## WHAT THIS TASK INVOLVES
Search the data for the word "Resistant" and copy every line that contains it.

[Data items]
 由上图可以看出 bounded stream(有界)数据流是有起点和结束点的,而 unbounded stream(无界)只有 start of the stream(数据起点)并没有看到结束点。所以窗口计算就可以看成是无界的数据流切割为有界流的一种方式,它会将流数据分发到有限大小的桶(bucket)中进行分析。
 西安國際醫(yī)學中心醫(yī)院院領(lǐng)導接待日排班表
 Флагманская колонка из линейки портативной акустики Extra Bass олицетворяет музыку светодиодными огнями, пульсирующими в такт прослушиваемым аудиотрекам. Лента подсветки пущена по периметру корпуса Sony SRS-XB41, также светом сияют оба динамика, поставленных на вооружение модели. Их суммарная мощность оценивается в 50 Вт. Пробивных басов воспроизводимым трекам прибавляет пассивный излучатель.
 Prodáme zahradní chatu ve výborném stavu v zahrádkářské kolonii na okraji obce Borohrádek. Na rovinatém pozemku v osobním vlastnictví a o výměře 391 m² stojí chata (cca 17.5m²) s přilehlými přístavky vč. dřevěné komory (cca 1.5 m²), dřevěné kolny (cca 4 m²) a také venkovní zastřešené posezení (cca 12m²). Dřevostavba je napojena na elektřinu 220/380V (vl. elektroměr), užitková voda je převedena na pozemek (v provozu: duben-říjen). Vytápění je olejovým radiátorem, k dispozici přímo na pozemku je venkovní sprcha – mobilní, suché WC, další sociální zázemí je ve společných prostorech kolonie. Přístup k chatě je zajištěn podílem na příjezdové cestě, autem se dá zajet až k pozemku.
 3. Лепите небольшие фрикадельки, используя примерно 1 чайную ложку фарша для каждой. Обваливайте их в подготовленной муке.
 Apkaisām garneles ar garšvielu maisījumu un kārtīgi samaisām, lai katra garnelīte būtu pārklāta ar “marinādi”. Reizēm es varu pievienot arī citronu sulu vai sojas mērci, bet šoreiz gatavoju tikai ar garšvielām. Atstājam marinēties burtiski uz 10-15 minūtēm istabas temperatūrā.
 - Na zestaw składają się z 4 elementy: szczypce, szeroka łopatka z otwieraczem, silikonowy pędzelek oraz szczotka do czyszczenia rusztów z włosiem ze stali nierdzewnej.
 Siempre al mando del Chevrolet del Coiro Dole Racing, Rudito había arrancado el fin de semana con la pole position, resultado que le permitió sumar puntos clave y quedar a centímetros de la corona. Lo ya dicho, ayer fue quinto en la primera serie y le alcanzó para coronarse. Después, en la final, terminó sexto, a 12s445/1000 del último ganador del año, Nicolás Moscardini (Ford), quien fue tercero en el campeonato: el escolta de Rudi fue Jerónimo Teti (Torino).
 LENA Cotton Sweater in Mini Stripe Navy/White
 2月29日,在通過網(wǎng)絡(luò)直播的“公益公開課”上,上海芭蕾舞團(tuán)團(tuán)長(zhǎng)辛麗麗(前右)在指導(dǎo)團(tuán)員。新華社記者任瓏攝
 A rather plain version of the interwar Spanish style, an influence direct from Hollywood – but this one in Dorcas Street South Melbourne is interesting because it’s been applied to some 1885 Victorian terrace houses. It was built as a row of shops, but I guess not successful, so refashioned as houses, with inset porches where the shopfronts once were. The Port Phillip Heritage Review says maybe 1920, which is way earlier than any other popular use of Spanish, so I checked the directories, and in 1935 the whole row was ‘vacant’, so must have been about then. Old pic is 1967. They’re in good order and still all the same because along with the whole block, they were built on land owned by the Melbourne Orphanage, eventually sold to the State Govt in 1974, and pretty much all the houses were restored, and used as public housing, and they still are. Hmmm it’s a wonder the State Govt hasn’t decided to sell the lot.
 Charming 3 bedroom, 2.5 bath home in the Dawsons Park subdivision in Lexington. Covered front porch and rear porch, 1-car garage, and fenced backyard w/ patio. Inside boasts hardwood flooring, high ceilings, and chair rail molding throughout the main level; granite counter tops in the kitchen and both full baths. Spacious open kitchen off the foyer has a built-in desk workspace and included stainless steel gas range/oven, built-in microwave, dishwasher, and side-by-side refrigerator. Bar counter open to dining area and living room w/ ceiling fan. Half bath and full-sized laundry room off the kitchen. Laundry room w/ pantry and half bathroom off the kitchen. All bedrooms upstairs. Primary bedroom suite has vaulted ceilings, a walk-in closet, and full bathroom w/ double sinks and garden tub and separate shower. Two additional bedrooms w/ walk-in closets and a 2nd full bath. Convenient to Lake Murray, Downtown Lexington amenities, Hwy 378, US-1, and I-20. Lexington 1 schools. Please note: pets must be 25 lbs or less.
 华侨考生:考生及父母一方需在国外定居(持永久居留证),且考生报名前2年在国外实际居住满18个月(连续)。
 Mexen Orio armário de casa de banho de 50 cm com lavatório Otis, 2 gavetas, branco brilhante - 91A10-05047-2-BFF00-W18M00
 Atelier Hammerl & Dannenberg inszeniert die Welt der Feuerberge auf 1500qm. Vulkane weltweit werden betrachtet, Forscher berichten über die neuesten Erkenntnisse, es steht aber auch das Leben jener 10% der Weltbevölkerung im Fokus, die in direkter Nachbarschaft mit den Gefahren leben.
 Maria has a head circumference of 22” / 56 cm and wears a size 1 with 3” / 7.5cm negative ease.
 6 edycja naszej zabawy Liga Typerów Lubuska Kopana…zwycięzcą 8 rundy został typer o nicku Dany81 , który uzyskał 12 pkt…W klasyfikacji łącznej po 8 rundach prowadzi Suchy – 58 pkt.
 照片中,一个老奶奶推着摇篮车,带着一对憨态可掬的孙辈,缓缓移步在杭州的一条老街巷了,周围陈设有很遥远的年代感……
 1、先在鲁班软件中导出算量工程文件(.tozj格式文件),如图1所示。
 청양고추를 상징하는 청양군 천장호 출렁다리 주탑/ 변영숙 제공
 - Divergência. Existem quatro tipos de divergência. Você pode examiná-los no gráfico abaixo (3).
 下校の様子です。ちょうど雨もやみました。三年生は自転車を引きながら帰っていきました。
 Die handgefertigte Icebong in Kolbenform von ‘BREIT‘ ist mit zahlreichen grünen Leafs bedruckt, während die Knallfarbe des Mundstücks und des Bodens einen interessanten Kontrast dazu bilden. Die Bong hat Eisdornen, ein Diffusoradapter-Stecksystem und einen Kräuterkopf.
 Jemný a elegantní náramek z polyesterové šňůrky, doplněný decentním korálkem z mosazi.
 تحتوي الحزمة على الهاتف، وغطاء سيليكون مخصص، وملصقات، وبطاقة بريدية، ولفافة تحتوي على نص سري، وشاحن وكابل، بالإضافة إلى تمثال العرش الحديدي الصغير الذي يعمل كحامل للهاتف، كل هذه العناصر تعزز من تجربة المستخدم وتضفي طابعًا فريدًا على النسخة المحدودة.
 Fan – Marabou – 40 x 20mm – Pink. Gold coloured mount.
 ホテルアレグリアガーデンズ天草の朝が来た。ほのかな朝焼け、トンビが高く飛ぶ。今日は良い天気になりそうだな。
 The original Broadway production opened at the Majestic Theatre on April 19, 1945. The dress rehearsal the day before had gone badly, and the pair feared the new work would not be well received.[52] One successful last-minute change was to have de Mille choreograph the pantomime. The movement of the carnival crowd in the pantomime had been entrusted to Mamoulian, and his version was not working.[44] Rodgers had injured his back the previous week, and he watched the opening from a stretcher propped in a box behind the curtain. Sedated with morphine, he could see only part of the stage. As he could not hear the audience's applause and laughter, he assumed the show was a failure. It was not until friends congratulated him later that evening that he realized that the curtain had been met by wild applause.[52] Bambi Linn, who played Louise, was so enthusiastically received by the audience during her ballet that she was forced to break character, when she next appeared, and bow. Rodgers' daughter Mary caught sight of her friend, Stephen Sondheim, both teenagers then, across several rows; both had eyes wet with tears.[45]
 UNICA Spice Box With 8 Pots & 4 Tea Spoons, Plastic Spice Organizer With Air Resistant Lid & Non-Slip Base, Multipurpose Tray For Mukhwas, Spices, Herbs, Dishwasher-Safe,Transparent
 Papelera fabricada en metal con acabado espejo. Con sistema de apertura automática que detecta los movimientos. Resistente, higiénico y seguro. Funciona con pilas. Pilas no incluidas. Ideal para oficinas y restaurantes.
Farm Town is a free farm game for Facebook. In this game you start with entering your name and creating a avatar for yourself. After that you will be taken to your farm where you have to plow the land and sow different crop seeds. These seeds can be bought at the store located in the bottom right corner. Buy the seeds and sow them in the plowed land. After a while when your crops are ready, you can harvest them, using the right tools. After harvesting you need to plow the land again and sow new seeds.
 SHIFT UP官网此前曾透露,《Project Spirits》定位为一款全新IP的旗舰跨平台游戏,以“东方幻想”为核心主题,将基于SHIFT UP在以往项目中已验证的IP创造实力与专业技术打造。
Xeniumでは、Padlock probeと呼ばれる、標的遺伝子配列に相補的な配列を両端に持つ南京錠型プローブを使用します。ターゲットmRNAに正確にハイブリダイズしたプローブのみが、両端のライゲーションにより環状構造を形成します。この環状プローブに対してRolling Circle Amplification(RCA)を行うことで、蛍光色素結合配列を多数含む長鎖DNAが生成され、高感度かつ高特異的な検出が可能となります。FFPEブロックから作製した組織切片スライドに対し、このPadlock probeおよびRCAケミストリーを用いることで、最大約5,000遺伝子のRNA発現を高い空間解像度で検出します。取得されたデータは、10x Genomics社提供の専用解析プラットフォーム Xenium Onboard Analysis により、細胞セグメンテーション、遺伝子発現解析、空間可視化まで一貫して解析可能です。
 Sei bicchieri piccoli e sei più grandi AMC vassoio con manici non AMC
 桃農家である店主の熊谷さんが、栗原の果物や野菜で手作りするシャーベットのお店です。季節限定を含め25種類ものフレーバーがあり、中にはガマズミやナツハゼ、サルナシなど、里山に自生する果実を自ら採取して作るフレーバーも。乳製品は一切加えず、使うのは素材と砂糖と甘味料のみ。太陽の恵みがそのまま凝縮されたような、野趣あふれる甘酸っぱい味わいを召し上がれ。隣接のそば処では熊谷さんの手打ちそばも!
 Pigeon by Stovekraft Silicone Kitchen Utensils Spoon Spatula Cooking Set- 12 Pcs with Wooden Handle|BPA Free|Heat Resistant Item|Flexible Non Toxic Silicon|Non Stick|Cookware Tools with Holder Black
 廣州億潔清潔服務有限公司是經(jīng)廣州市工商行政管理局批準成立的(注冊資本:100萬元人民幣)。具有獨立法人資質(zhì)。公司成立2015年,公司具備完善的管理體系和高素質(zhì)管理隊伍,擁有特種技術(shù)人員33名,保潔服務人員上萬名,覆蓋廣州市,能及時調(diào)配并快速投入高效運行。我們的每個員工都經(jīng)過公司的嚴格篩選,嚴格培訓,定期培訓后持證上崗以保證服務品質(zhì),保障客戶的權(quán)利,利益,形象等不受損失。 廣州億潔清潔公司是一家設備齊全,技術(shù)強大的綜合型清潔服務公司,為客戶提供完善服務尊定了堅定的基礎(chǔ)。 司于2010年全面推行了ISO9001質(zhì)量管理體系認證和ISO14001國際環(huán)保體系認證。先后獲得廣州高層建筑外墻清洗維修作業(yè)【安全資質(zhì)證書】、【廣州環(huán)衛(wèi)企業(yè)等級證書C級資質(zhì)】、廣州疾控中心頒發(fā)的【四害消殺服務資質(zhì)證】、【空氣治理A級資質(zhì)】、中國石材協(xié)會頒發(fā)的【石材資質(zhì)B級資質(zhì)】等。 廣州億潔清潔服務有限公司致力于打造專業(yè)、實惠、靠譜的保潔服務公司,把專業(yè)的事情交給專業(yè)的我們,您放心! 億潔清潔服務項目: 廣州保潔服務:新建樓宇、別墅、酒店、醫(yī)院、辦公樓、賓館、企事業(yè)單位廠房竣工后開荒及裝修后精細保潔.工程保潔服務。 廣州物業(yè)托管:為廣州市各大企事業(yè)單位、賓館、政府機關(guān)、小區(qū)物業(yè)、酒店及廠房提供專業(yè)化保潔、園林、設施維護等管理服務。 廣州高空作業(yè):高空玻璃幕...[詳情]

## TASK RESPONSE
 UNICA Spice Box With 8 Pots & 4 Tea Spoons, Plastic Spice Organizer With Air Resistant Lid & Non-Slip Base, Multipurpose Tray For Mukhwas, Spices, Herbs, Dishwasher-Safe,Transparent
 Pigeon by Stovekraft Silicone Kitchen Utensils Spoon Spatula Cooking Set- 12 Pcs with Wooden Handle|BPA Free|Heat Resistant Item|Flexible Non Toxic Silicon|Non Stick|Cookware Tools with Holder Black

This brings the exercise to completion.